Note of Encouragement

In our church family, in our extended family, and in our neighborhood, we have experienced a growing number of people who are struggling with diseases (like cancer), with chronic pain and great loss. It seems like the number is greater now than ever before. There is a long list of friends who need our prayers and encouragement. Is that true in your small sphere of the world, too?

In Mark 5:25-34, we see a woman who had been ill for some time (perhaps a hemorrhage that never completely healed). She had appealed to many doctors, medicines and treatments, but her situation just got worse. She had lost all faith in what she knew; Jesus was her last hope. She pushed through the crowd and touched the edge of Jesus’ cloak. In rabbinic Judaism, if an “impure” person (ill) touched another person, it made the other person “unclean” as well. She took a huge risk to even touch the hem of his garment; but in faith, she sought Jesus, certain that he could make her well. In fact, the reverse proved to be true — the “clean” (Jesus) made the ritually “unclean” (woman) pure. What Jesus did was to heal the physical body, relieve the suffering and renew the woman’s spirit: “Daughter, your faith has healed you [physical]. Go in peace [spiritual] and be freed from your suffering” (Mk 5:34). The miracles and healings performed by Jesus in the NT demonstrated his divinity; but more than that, they demonstrated the fragility of human beings and his relentless compassion and desire to fully redeem us, body and spirit. 

I read this devotional and it really “struck a chord” with me. Sometimes our physical struggles are a perfect time to slow down and let God renew us, body and spirit. I have changed a few words, but this is basically the work of John Ruskin:

“There is no music during a musical rest, but the rest is part of the making of the music. In the melody of our life, the music is separated here and there by rests. During those rests, we foolishly believe we have come to the end of the song.
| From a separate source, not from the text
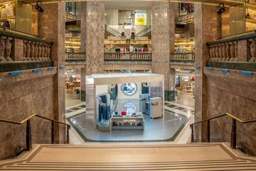 Après une première installation aux Galeries Lafayette Haussmann, Guess Jean se tourne vers les Galeries Lafayette Champs-Élysées pour l’été 2024. Le point de vente éphémère prend ses quartiers dans l’atrium principal et le tunnel d’entrée du grand magasin parisien.

God sends us times of forced rest by allowing sickness, disappointed plans, and frustrated efforts. He brings a sudden pause in the choral hymn of our lives, and we lament that our voices must be silent. We grieve that our part is missing in the music that continually rises to the ear of our Creator. Yet how does a musician read the rest? He counts the break with unwavering precision and plays his next note with confidence, as if no pause were ever there.

God does not write the music of our lives without a plan. Our part is to learn the tune and not be discouraged during the times of rest. They are not to be slurred over or omitted, nor used to destroy the melody or change the key. If we will only look up, God himself will count the time for us. With our eyes on him, our next note will be full and clear. The process is often slow and painful in this life, yet how patiently God works to teach us a symphony!”